Physical chemists reconcile the empirical theory of classical
thermodynamics
with the quantum nature of matter and energy when they recover thermodynamics
from a statistical mechanical treatment of the individual particles’
quantized eigenspectrum. The conclusion is that, when systems are
very large collections of particles, interactions between adjacent
systems are comparatively negligible, resulting in an additive thermodynamic
framework where the energy of a composite system AB may be expressed as the sum of the individual energies of subsystems A and B. This powerful theory is consistent
with quantum theory, and it accurately describes the macroscopic properties
of sufficiently large systems subject to comparatively short-ranged
interactions.
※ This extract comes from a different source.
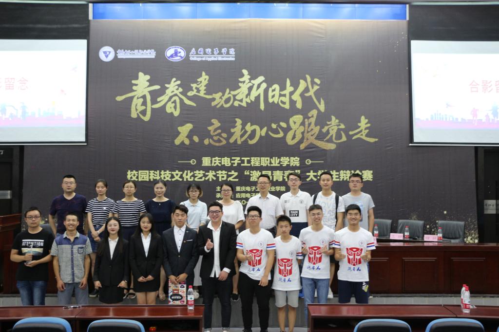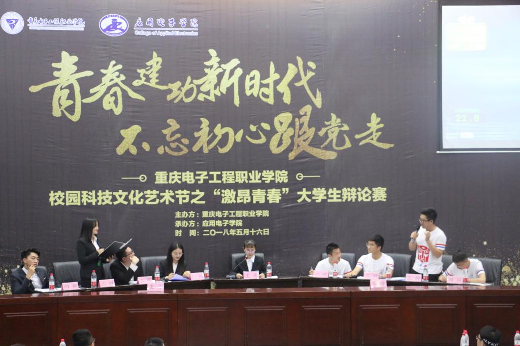 为丰富学生课余生活,提高大学生良性竞争意识。5月16日,应用电子学院在南校区博远厅成功举办了校园科技文化艺术节之“激昂青春”大学生辩论赛的总决赛。经过一个月的层层选拔,社会主义青年团和煽煽来遅队在十四支队伍中脱颖而出,进行最终角逐。两队以“世界文化遗产的开发比保护重要”和“世界文化遗产的保护比开发重要”展开辩论。本次活动由学院学管科科长、团总支书记张力老师及各年级辅导员担任评委。

Nevertheless, classical thermodynamics has its limitations.
Its main drawback is the theory’s failure to accurately describe
systems not sufficiently large for the aforementioned interaction
to be neglected. This shortcoming was addressed by the celebrated
chemist Terrell L. Hill in the 1960s when he generalized classical
thermodynamics by adding a phenomenological energy term to describe
systems not captured by the additivity ansatz (i.e., AB ≠ A + B) of classical thermodynamics.
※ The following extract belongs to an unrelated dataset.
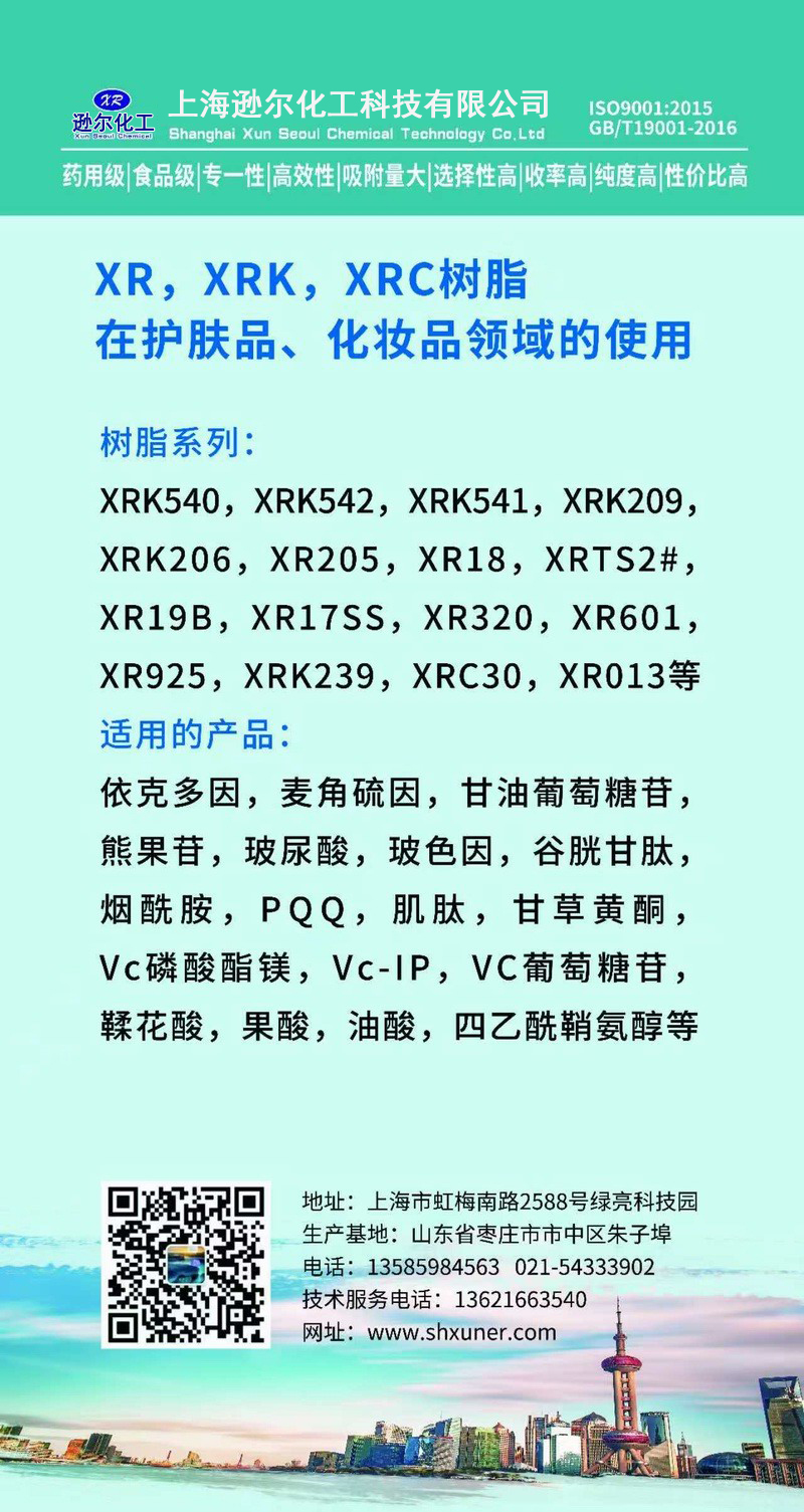 上海遜爾化工科技有限公司是上海市新型的高分子材料研發(fā)、生產(chǎn)、應(yīng)用相結(jié)合的高科技公司。公司具有完善的自主知識產(chǎn)權(quán)創(chuàng)新體系,與華東理工大學(xué),江南大學(xué),浙江工業(yè)大學(xué)等科研應(yīng)用平臺合作從事離子交換與吸附樹脂研制、生產(chǎn)和生物醫(yī)藥合成與分離工藝,三廢處理工藝開發(fā)設(shè)計(jì)工作。

Despite its elegance and success, Hill’s generalization mostly
remained a specialist tool rather than becoming part of the standard
chemical thermodynamics corpus. A probable reason is that, in contrast
to the classical large-system case, Hill’s small-system framework
does not reconcile with a thermostatistical treatment of quantum mechanical
eigenenergies. In this work we show that, by introducing a temperature-dependent
perturbation in the particles’ energy spectrum, Hill’s
generalized framework is in fact recovered with a simple thermostatistical
analysis accessible to physical chemists.